Hey Everyone, wasn't sure where to post this one but since the only way to properly toast is with a glass of your alcoholic beverage of choice this seemed like a reasonable location.

What are your favorite toasts? Do you go serious, relevant or for a laugh? 

I go for a laugh and my favorite is (pardon me if it's too inappropriate for the board):

"To honor"
"She offered her honor"
"I honored her offer"
"and all night long I was off her and on her"

:beerchug::beerchug:


----------



## Trackmyer (Jun 6, 2014)

I prefer white toast, whole wheat is just too dry.
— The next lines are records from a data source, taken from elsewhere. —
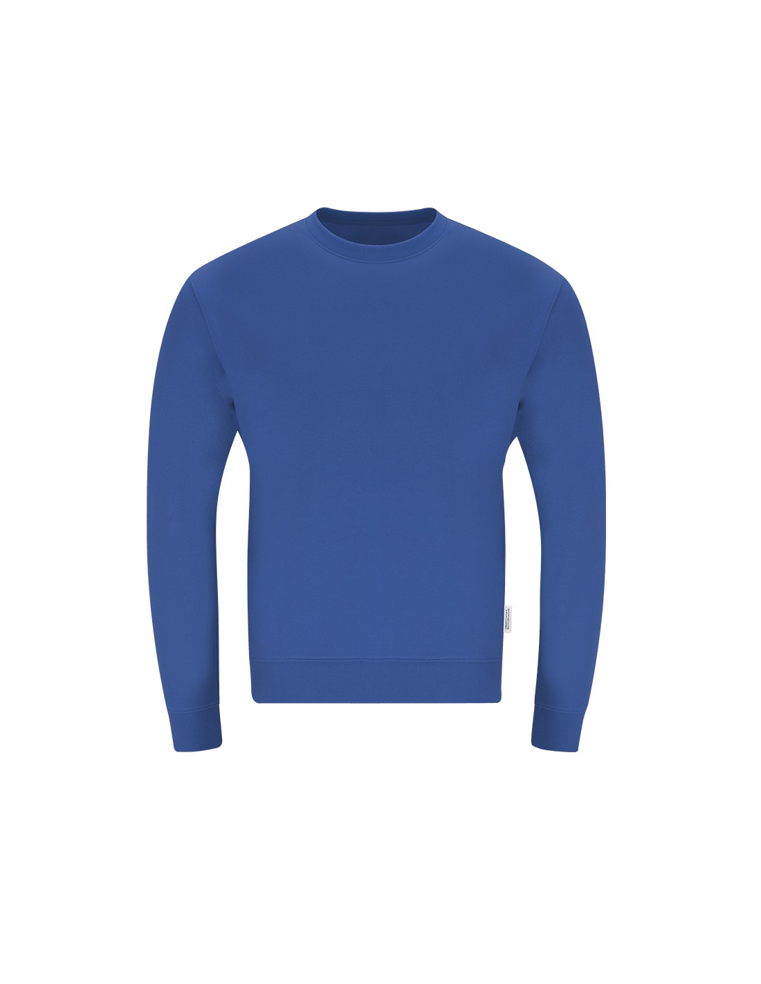 Sudadera Unisex de Algodón Orgánico y Poliéster Reciclado, en suave felpa perchada de 280 g/m2. Con cuello, puños y cintura de punto canalé de elastano. Cubrecosturas en el interior del cuello, con etiqueta distintiva eco.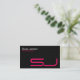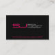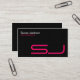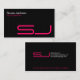 Esta tarjeta de visita negra tiene un patrón de cuadrícula tenue en el fondo y un diseño moderno y elegante con texto magenta y blanco y letra futurista para las iniciales. Una sencilla y elegante tarjeta de visita negra adaptada a una serie de negocios personales o tarjetas de estudiante, como un diseñador gráfico, fotógrafo, diseñador de interiores, reparación de ordenadores o ordenadores, etc.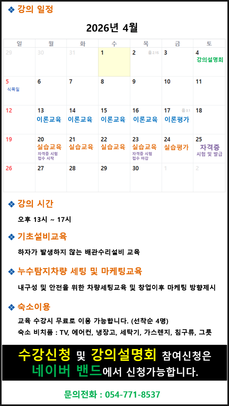 2026 4월 누수탐지사 창업교육 75기 모집중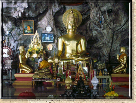 Fußabdruck Buddhas führt. Auf 290 Meter Höhe haben wir einen herrlichen Ausblick auf das Tal und die Inselwelt von Krabi. Außerdem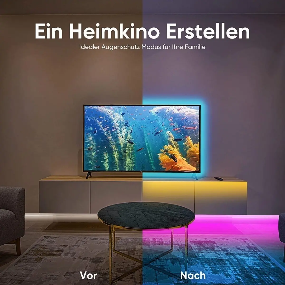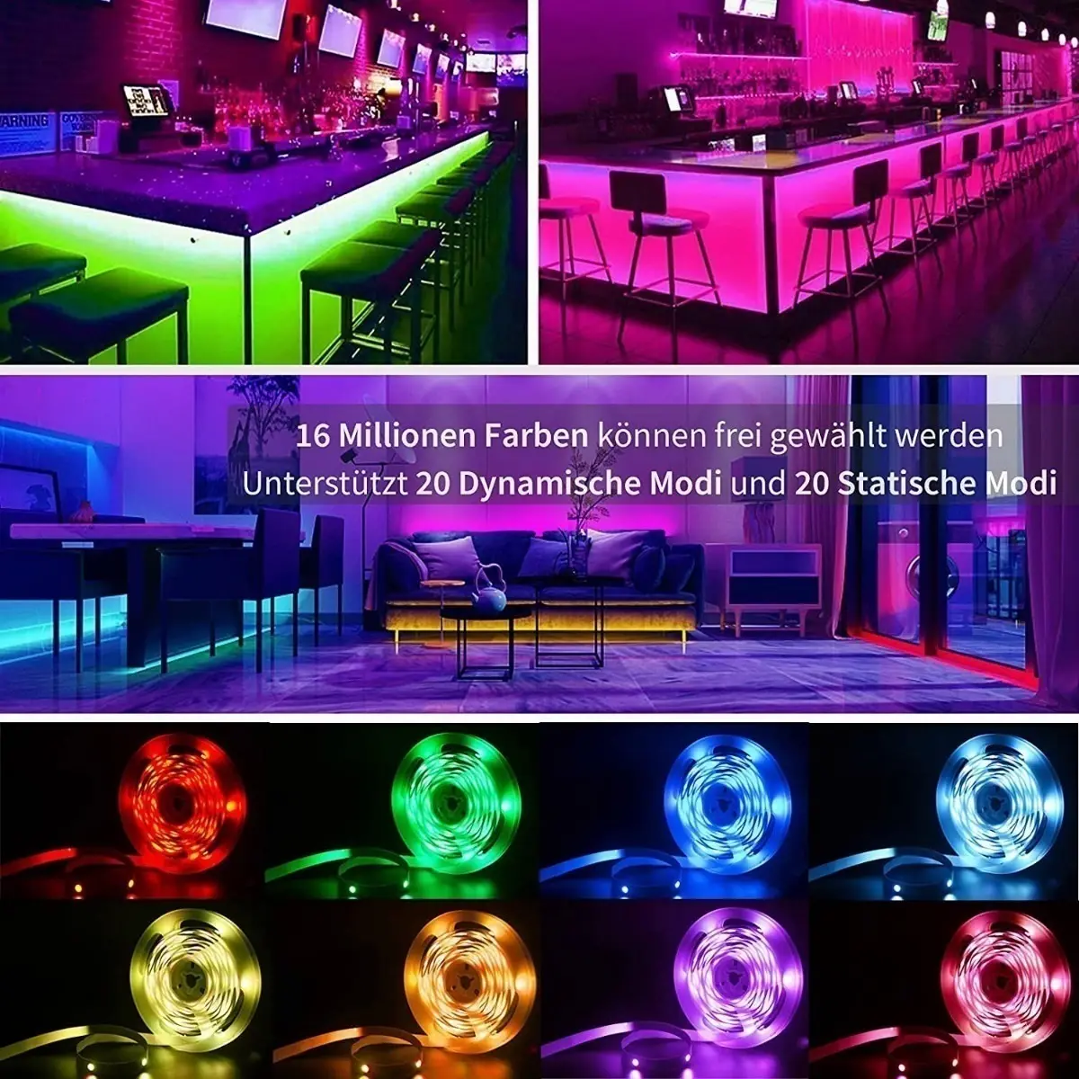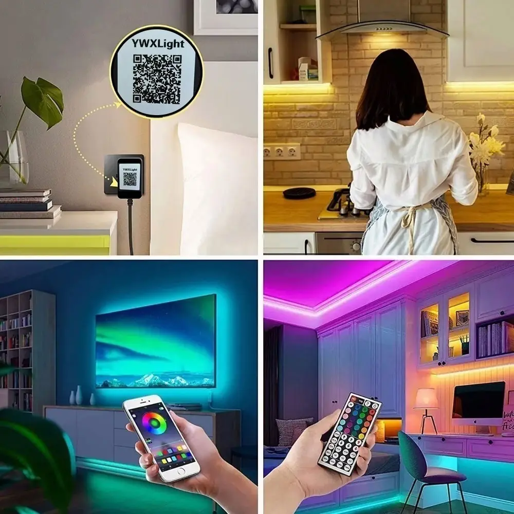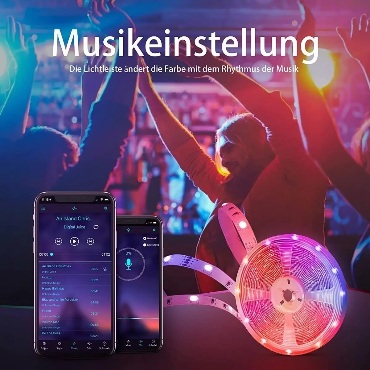 [Sincronización con música] La tira de luz LED está compuesta por 200 cuentas de lámpara y 16 millones de colores. El color de la tira LED cambia con el ritmo de la música. Solo necesita descargar música en el reproductor, y la barra de luz LED latirá según el ritmo. Ideal para instalar en salón, dormitorio, escalera, cocina, porche, bar, TV, ordenador, árbol de navidad.

Never make fun of my toast, I take it very serious. Though I have been known to go for sweet with some cinnamon/sugar dusted over freshly buttered toast.

Hope this helps


----------



## Josh Lucky 13 (Dec 23, 2010)

Had a buddy who used this a lot

"Here's to the girls in the little red shoes, she likes to party she likes the booze. She lost her cherry but thats no sin because she still has the box her cherry came in!"


----------



## c.ortiz108 (Nov 16, 2013)

When in doubt, a simple "L'chaim!" which means "to life!" in Hebrew.


----------



## HIM (Sep 12, 2012)

Some funny ones I've heard....


"May your glass be ever full. May the roof over your head always be strong. And may you be in heaven half an hour before the devil knows your dead!"


"To nipples, because without them boobs would be pointless."


"Ashes to ashes, dust to dust, p*ssy aint pizza so don't eat the crust."


----------



## Laynard (Oct 10, 2013)

"Here's to you and here's to me. Should you ever go against me...f(orget) you, and here's to me." Then promptly down your drink while everyone stares in disbelief.

It's crass and about as inelegant as it gets. But I like it. :biggrin:


----------